Google Groups no longer supports new Usenet posts or subscriptions. Historical content remains viewable.
Dismiss

Parsing an email message

11 views
Skip to first unread message

Bernie Cosell

unread,
Jan 10, 2022, 6:37:33 PM1/10/22
to
I need to parse an email message and pull its various parts apart. Is
there some not-so-difficult way to do it? Corriel looks like it would be
just the thing, unfortunately it won't run on Windows. The Mail:: and
Email:: modules seem very complicated when all I want to do is feed it a
complete message and get at the various pieces [body, attachments, etc] and
the headers [from, date, etc]. Is there a _simple_ package that'll do
that? If not, are there tutorials or the like for Mail:: and/or Email::?
They seem to be much more focused on managing actual mailboxes {Mail::} and
*composing* emails [Email::] and give pretty short shrift [to my struggling
with the man pages] to just *parsing* an email. Thanks!

/Bernie\
--
Bernie Cosell Fantasy Farm Fibers
ber...@fantasyfarm.com Pearisburg, VA
--> Too many people, too few sheep <--

Rainer Weikusat

unread,
Jan 11, 2022, 12:31:51 PM1/11/22
to
Bernie Cosell <ber...@fantasyfarm.com> writes:
> I need to parse an email message and pull its various parts apart. Is
> there some not-so-difficult way to do it? Corriel looks like it would be
> just the thing, unfortunately it won't run on Windows. The Mail:: and
> Email:: modules seem very complicated when all I want to do is feed it a
> complete message and get at the various pieces [body, attachments, etc] and
> the headers [from, date, etc]. Is there a _simple_ package that'll do
> that? If not, are there tutorials or the like for Mail:: and/or Email::?
> They seem to be much more focused on managing actual mailboxes {Mail::} and
> *composing* emails [Email::] and give pretty short shrift [to my struggling
> with the man pages] to just *parsing* an email. Thanks!

There is no simple way to parse an e-mail message: That's literally the
most complicated grammar I ever wrote a parser for.

Henry Law

unread,
Jan 11, 2022, 5:58:38 PM1/11/22
to
On Mon, 10 Jan 2022 18:37:26 -0500, Bernie Cosell wrote:

> Is there a _simple_ package that'll do that? If not, are there
> tutorials or the like for Mail:: and/or Email::?

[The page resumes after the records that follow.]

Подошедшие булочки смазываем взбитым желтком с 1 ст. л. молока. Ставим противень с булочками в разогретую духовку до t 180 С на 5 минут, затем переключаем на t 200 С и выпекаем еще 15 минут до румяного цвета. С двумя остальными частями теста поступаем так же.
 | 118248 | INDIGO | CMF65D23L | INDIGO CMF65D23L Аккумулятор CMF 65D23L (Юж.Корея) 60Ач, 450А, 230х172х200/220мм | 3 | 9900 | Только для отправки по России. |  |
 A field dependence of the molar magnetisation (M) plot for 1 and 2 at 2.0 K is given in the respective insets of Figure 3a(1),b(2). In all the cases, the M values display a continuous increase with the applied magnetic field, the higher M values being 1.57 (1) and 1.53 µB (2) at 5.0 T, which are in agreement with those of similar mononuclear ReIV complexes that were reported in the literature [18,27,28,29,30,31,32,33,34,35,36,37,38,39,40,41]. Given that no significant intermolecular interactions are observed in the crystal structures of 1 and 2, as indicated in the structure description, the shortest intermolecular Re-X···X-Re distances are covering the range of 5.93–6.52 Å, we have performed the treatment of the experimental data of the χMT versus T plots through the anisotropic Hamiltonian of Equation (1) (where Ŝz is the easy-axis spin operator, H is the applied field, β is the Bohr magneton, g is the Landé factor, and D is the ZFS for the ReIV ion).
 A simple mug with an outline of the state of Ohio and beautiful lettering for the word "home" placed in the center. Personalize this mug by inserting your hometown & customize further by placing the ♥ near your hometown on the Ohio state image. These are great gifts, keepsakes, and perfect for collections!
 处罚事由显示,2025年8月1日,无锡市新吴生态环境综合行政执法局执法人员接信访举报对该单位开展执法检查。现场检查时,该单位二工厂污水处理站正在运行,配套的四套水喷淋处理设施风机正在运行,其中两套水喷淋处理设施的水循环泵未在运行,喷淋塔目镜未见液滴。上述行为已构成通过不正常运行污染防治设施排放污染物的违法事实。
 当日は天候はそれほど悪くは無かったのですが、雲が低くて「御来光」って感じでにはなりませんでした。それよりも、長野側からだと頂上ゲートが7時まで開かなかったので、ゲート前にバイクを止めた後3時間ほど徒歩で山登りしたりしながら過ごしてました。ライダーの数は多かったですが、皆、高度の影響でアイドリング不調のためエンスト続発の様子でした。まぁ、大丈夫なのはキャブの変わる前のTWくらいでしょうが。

I use Email::MIME. How "simple" it is depends on your point of view but,
as someone else has already observed, MIME email has a complicated
structure (e.g. separate parts within one message are themselves
Email::MIME structures), and you're not going to get a /simple/ piece of
code that understands that.

However, if you pass the text of a single message to Email::MIME, the
object will then give you a "header_pairs" method, which will give you a
great deal of what you need. And there's a "body" method which will give
you the body, surprisingly.

If you want to send me a mail (address is valid) I can let you have great
wodges of code that does this stuff; maybe reading through it and taking
out the bits you don't need might help you. It's object-oriented so you
might even be able to use the packages.

--
Henry Law n e w s @ l a w s h o u s e . o r g
Manchester, England

Andreas Karrer

unread,
Jan 11, 2022, 7:18:40 PM1/11/22
to
* Bernie Cosell <ber...@fantasyfarm.com>:
> I need to parse an email message and pull its various parts apart. Is
> there some not-so-difficult way to do it? Corriel looks like it would be

There is no really simple way because mail headers and MIME are not
simple. A MIME message may be an arbitrarily complex tree of parts,
parts may be items of a whole lot of media types such as text, html,
images, videos, pdf etc. Then there is the further complexity of
"multipart/alternative", where you will have to decide by some
heuristic which of the alternatives you want to extract or display.

I'd recommend Email::MIME, maybe that qualifies as "not-so-difficult".

"arbitrarily complex tree" is a hint that a recursive approach should
be used.

This skeleton passes the mail message in $message to Email::MIME for
parsing. The "showparts" method then displays a summary of each direct
subpart and calls itself recursively for that subpart. It uses
Email::MIME::ContentType to parse the "Content-Type" headers, which may
be quite complex, too.

use Email::MIME;
use Email::MIME::ContentType;

my $email = Email::MIME->new($message);
sub showparts;
sub showparts {
my $item = shift;
my $indent = shift;
my $i = 1;
for my $part ($item->subparts) {
my $ct = parse_content_type($part->content_type);
my $len = length $part->body;
print "part$indent $i: $ct->{type}/$ct->{subtype}, $len bytes\n";
showparts $part, "$indent $i";
$i++;
}
}
showparts $email, "";

If you are, for example, just interested in all pdf attachments,
might be enough to filter out the parts with a Content-Type of
application/pdf or application/x-pdf.



- Andi

Bernie Cosell

unread,
Jan 19, 2022, 1:40:00 PM1/19/22
to
Bernie Cosell <ber...@fantasyfarm.com> wrote:

} I need to parse an email message and pull its various parts apart. Is
} there some not-so-difficult way to do it?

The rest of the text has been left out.